They believe they have more knowledge of how to execute in the mobile space
than amazon or other outside incumbents and so they think they can move faster
and better by shutting off the power alley's of the incumbents (web) by
driving the warzone to mobile.

It's a strategy... and just a hypothesis as to some of their thinking... but
maybe? :-)

------
npalli
There was a very good blog post about why shutting down the website makes a
lot of sense in India (and many parts of the world).

[http://www.eugenewei.com/blog/2015/4/6/tech-
miscellany](http://www.eugenewei.com/blog/2015/4/6/tech-miscellany)

------
sosuke
I imagine they will still have a website, just not one that has the
functionality. It makes perfect sense, if a particular interface is only
driving single digit usage you drop it. No need to waste dollars updating
something no one uses.

------
heroic
To be precise, 85-90% of their customers are now coming through mobile app.
Going forward, it doesn't make sense for them to support so many platforms.
People using their website are now a minority. Keeping the website operational
is just too much effort in the long run for them.

You can compare this with, how many developers worry about Blackberry when
they launch? Hardly any! The reasoning is simple: it's a platform whose usage
is sinking(was?).

------
rathish_g
Note: They are not closing the flipkart online portal, but they are closing
the myntra website which they acquired an year ago. And in the press release
they must have mentioned that they are moving completely to mobile version.

They bought myntra because of tough competition and have to close it anyway.
They are doing an experiment by keeping the mobile version.

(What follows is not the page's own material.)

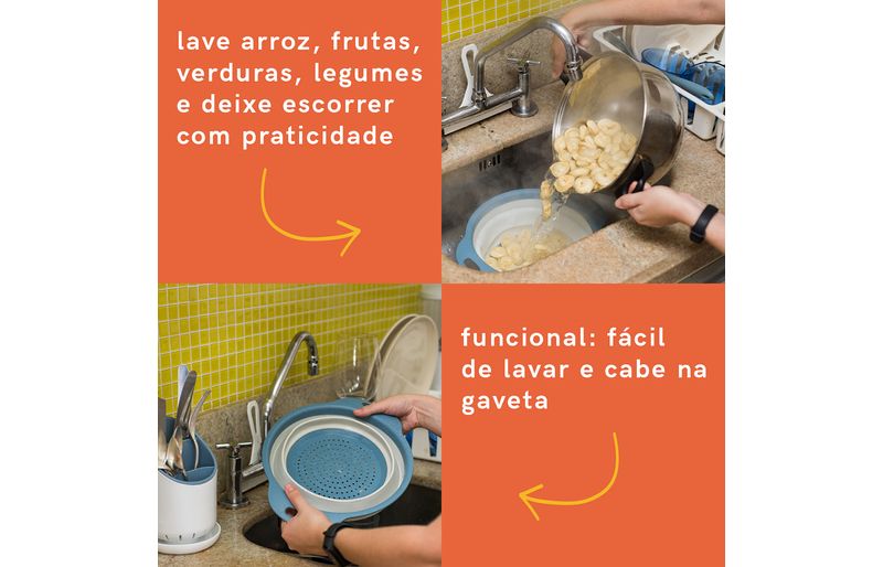 Esse é o escorredor médio para alimentos da oikos. isso é o que chamamos de praticidade que cabe na gaveta! ele é retrátil e ocupa somente 3cm quando fechado. com uma pequena elevação na base, que permite escorrer seus alimentos com o escorredor apoiado na pia. bacana para: massas, grãos, frutas e legumes.

Slow death for Myntra! PR for Flipkart mobile app!

------
thewhitetulip
I think they are making a mistake, there is a reason why the internet was
created, and forcefully migrating all users to the mobile app is wrong, it
defeats the purpose of having a website which anyone can handle, the news
might be that flipkart is shutting down its mobile website, shutting down the
main website is like shooting yourself with a pistol :D

------
binoyxj
While they're at it, there's this new wave of services with no interface. They
believe in the mantra "The Best Interface is No Interface" eg: Operator, Magic
etc. Interesting times!

------
nutanc
I hope google penalizes such kind of behavior in their search results

------
zuron7
I think there is a mistake with this article. They were and already have shut
down their mobile website. There is no official statement the they are going
to shut down their website.

------
Aardwolf
Can this be ran in an emulator on a PC?

------
M8
As an upside they get a real choice of programming languages (unlike "Open"
Web).

------
enupten
ಗೂಬೆಗಳು!